TRABZONSPOR VE BAŞAKŞEHİR İTİRAFI
Trabzonspor ve Medipol Başakşehir karşılaşmaları, birinci geldiğim dönem benim en çok üzüldüğüm maçlardı. Şampiyon olduğumuz dönemde da üzüldüğüm maçlar oldu ancak birinci dönemde Trabzonspor ve Başakşehir maçlarından toplamda 6 puan çıkarabilseydik, lig sonunda tahminen şampiyon bile olabilirdik. O iki maçta çok düzgün oynamıştık. Ligin ikinci yarısının en kıymetli kırılma anlarıydı o maçlar. Bahtımızı sonuna kadar zorlamak bizim olmazsa olmazımızdı.
“TÜM KOŞULLARI ZORLADIK”
Ligin sonunda kendimizi bir anda Şampiyonlar Ligi elemelerinde bulduk. Tüm kaideleri zorladık. Tüm aksileri yenmeye çalıştık.

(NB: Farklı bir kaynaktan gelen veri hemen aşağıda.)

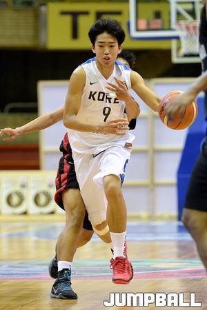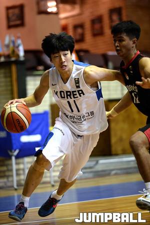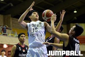 27일 이란(테헤란)에서 열린 제24회 FIBA U18 아시아농구선수권대회 예선전 한국 과 인도네시아 의 경기, 박지원이 인도네시아 수비를 피해 패스를 해주고있다.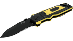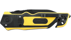 🔹 Vizibilitate sporită — Mâner din polimer (FRN) cauciucat, de culoare galben/negru, dotat cu trei inserții fluorescente pe fiecare parte, permițând localizarea și prinderea rapidă a cuțitului pe întuneric.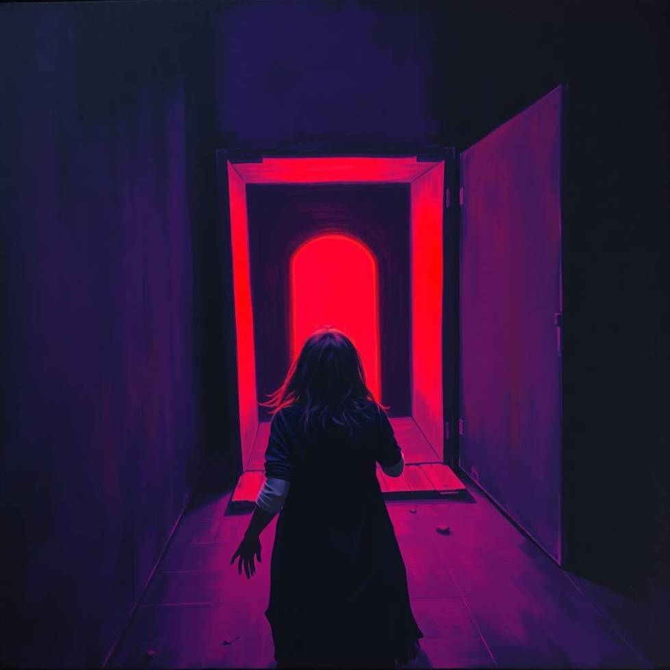 As she snapped the photo, the lights in her apartment flickered momentarily. When she looked at the image, the figure was unmistakably clearer. It stood in the corner, slouched and emaciated, its head hanging as if its neck couldn’t bear the weight. Its eyes glowed a deep, unnerving red—like coals smoldering in a long-extinguished fire. This can’t be real, she thought, her pulse quickening as she compared the photo to the two others she had already taken.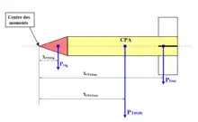 Ainsi, pour une ogive de 155 mm de longueur et une hauteur totale de la fusée de 490 mm, le CPA total de la fusée se place à 365,3 mm de la pointe de l'ogive.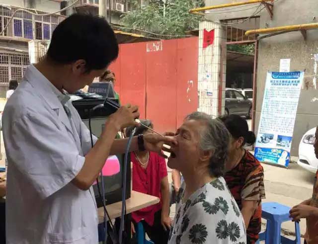 活动现场,中大医护人员为市民免费检查耳鼻喉、测量血压、发放耳鼻喉健康科普宣传资料,对于存在耳鼻喉疾病隐患的居民,医护人员耐心给予日常护理、用药及治疗建议,并认真给居民讲解耳鼻喉疾病的危害及防治,提高居民对耳鼻喉疾病的认识,把公益真正落实到实处,惠济百姓。

Yeniden de biz dönemi, oyun olarak kendimize yakışır bir biçimde kapattık. Bir dahaki dönem için, ligin kalan haftalarını bu halde sürdürmemiz değerliydi. Şayet bu sene şampiyon olduysak bunda geçen dönemin son haftalarındaki bu kazanma dileğinin grupta kalıcı hale gelmesinin hissesi çok büyüktür.
“LİG İKİNCİLİĞİ TRABZONSPOR’UN HAKKIYDI”
Daha evvel de söyledim.. Lig ikinciliği Trabzonspor’un hakkıydı. Şampiyonlar Ligi onların hakkıydı. Ancak bir biçimde kendimizi bu kulvarda bulduk. Kulübün kurallarından ötürü bu maça hazırlanmamız çok güç oldu. Tek maçla tıp gitti fakat şunu söyleyebilirim ki çok önemli sakatlıklar da olabilirdi.